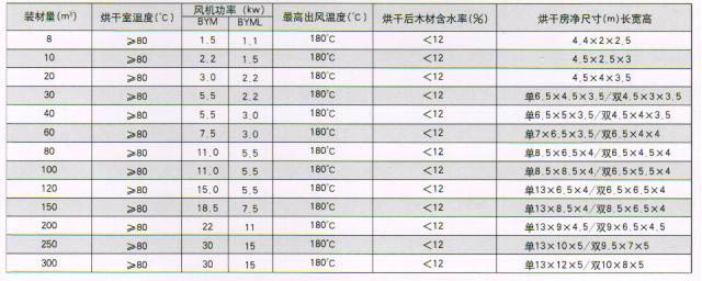 木材干燥系統(tǒng)主要參數(shù):
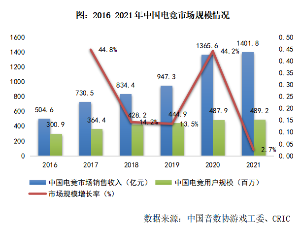 2016-2021年間,中國電競行業(yè)迅速發(fā)展,市場規(guī)模平均復合增長率達22.7%;截至2021年年末,中國電競行業(yè)銷售規(guī)模達1401.8億元。其中,2020年因疫情居家隔離政策,增加了電競游戲時間,電競用戶同比增長9.6%至約4.88億人,市場銷售收入同比增長44.2%;2021年受疫情持續(xù)反復影響,電競重要線下賽事減少,線上模式商業(yè)變現(xiàn)受阻,同時受制于未成年人網(wǎng)絡游戲防沉迷等相關政策要求,中國電競規(guī)模增速放緩,銷售收入同比增長率僅2.7%。
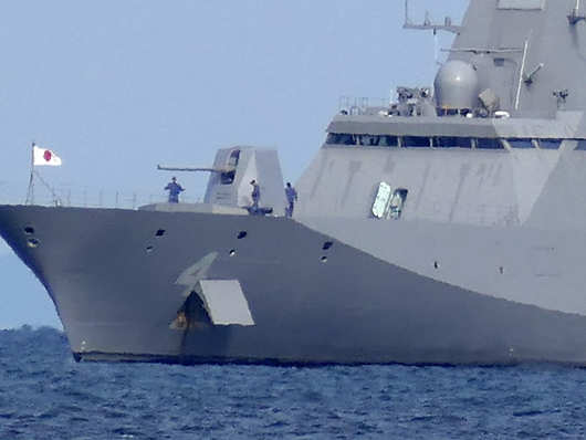 護衛艦「みくま」を正面から見た画像です。従来の護衛艦とは全く異なる船型で、レーダーの反射を低減するために全体が傾斜した平面になっていて、レーダー類も一本にまとめられた一角獣の大きな角のようになっている不思議な形をしています。
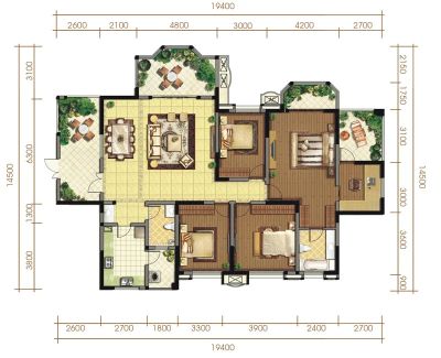 神仙树大院一期户型主要有104平-176平的明卫,明厨,客厅朝南,全明格局的三居 、155平-375平的双阳台,主卧朝南的四居 、60平-122平的明卫的二居 。

-.-.-

Retype each line above precisely, please. Skip anything that is a picture.

▶ [Written solution]:
 木材干燥系統(tǒng)主要參數(shù):
 2016-2021年間,中國電競行業(yè)迅速發(fā)展,市場規(guī)模平均復合增長率達22.7%;截至2021年年末,中國電競行業(yè)銷售規(guī)模達1401.8億元。其中,2020年因疫情居家隔離政策,增加了電競游戲時間,電競用戶同比增長9.6%至約4.88億人,市場銷售收入同比增長44.2%;2021年受疫情持續(xù)反復影響,電競重要線下賽事減少,線上模式商業(yè)變現(xiàn)受阻,同時受制于未成年人網(wǎng)絡游戲防沉迷等相關政策要求,中國電競規(guī)模增速放緩,銷售收入同比增長率僅2.7%。
 護衛艦「みくま」を正面から見た画像です。従来の護衛艦とは全く異なる船型で、レーダーの反射を低減するために全体が傾斜した平面になっていて、レーダー類も一本にまとめられた一角獣の大きな角のようになっている不思議な形をしています。
 神仙树大院一期户型主要有104平-176平的明卫,明厨,客厅朝南,全明格局的三居 、155平-375平的双阳台,主卧朝南的四居 、60平-122平的明卫的二居 。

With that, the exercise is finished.